There are many Medicare procedures, including most lab and imaging tests, that require a specific physician to refer them. When a Medicare beneficiary gets an X-Ray or a blood test done, Medicare wants to know what provider ordered these tests. As a result, for some, but not all, procedures, Medicare requires the referring doctor’s NPI number.

Previously, CMS has released information on the performed procedures in Medicare, coded by NPI and hcpcs_code. MrPUP has a similar data structure, but instead of including the performing NPI, it includes the referring NPI.


The simplest way to explain the value generated with this new data, is to demonstrate how the analysis of lab referrals took place on open data before this data release, and look at it after.
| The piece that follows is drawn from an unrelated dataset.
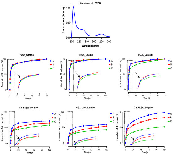 In vitro release kinetics of EO components from the uncoated and CS-PLGA particles over 120 h in hydrochloric acid-potassium chloride buffer, acetate buffer, and phosphate buffer saline denoted as A, B and C, respectively. The data are presented as average cumulative EO components release % with standard errors (1.4:2.8%). The top graph shows the absorbance band of geraniol, linalool, and eugenol detected at wavelengths of 210, 228, and 282 nm, respectively.

Before this data release, it was possible to understand which providers were sending data to which labs by leveraging the teaming dataset, that was the first data set that we released and the one that gave DocGraph its name. We also know, from the current performing NPI PUF from CMS, what kinds of tests those laboratories are performing. Using the analysis tools provided by CareSet Systems we can see how that data analysis might look for a specific doctor:



This is a flow graph from an actual interface inside CareSet systems. On the left we see the procedures that our doctor is responsible for with Medicare in blue. Our doctor, Dr. Magid, is in orange in the center. The green dots represent the laboratories that Dr. Magid shares patients with. The red dots show the procedures that the laboratories are performing. Obviously the labs that this provider works with, which include both LabCorp, Quest and the lab at this providers group practice, do hundreds of different and distinct lab tests with a huge variety and overlap. Our doctor could only be responsible for a tiny fraction of these… but which ones?

Enter MrPUP. Using MrPUP we can generate a new graph, where the edges of the connections between the labs and the provider can be labeled with specific lab tests. This gives us insight into how this doctor is referring labs, in a way that the first analysis just does not.


You can see how much more powerful this analysis method is.


There are some caveats to how this data should be analyzed. Not every procedure in Medicare requires a referral NPI to included in the claim. But all claims allow for this field to be filled in. There are some cases where CMS requires this field to be properly filled in, but there are no cases that we are aware of where its use is forbidden. That means that this data set might include some interesting data that is not indicative of any trends. Lets imagine a Cardiologist who configures her billing system to always include the NPI of the primary care doctor who referred a patient. In our data set, those primary care providers would appear to have a strange and unusual amount of “referred cardiology procedures”. It would make them really stand out in the data set as unique. But in fact, that information does not say anything interesting at all about those primary care doctors… its just an artifact of the strange way that one cardiologist has decided to bill.

There are many cases where the underlying CMS claims data includes what appear to be self-referrals. Of course, self-referral is technically not allowed by policy, but that policy does not extend to requirements about how providers have to fill out specific claims forms. So the underlying data includes lots of cases where the same provider is included in both the referring provider NPI field, and the performing provider NPI field. The vast majority of these are not actually doing anything shady, but are just honoring CMS requirements about how to use the various claims fields. More importantly, when a self-referral is made, then those procedure patterns already appear in the standard CMS outpatient utilization PUF file. For those reasons, and to generally avoid drama, we have excluded self referring procedures from this PUF. We might change how we address this in the future, but this is the simplest way to keep this data release clean.

Hopefully the release of the MrPUP data will draw attention to the requirements that CMS makes regarding this specific billing field, and future policies will ensure that the data becomes more reliable over time. Or not, one never can tell about these things.

Data Licensing

Although this is open data, it is not costless. It takes money for us to work on DocGraph and as a result we are charging a nominal fee for access to the data. If you are a student, researcher, academic or hacker, you probably want to purchase the Open Source Eventually (OSE) version of the data. This version of the data is much cheaper (think textbook) and in one year will become a Creative Commons licensed data file. In the meantime, any work you do with or on the file must be released under the Creative Commons, or some other Open Source License. This version does not allow you to share the data in any way.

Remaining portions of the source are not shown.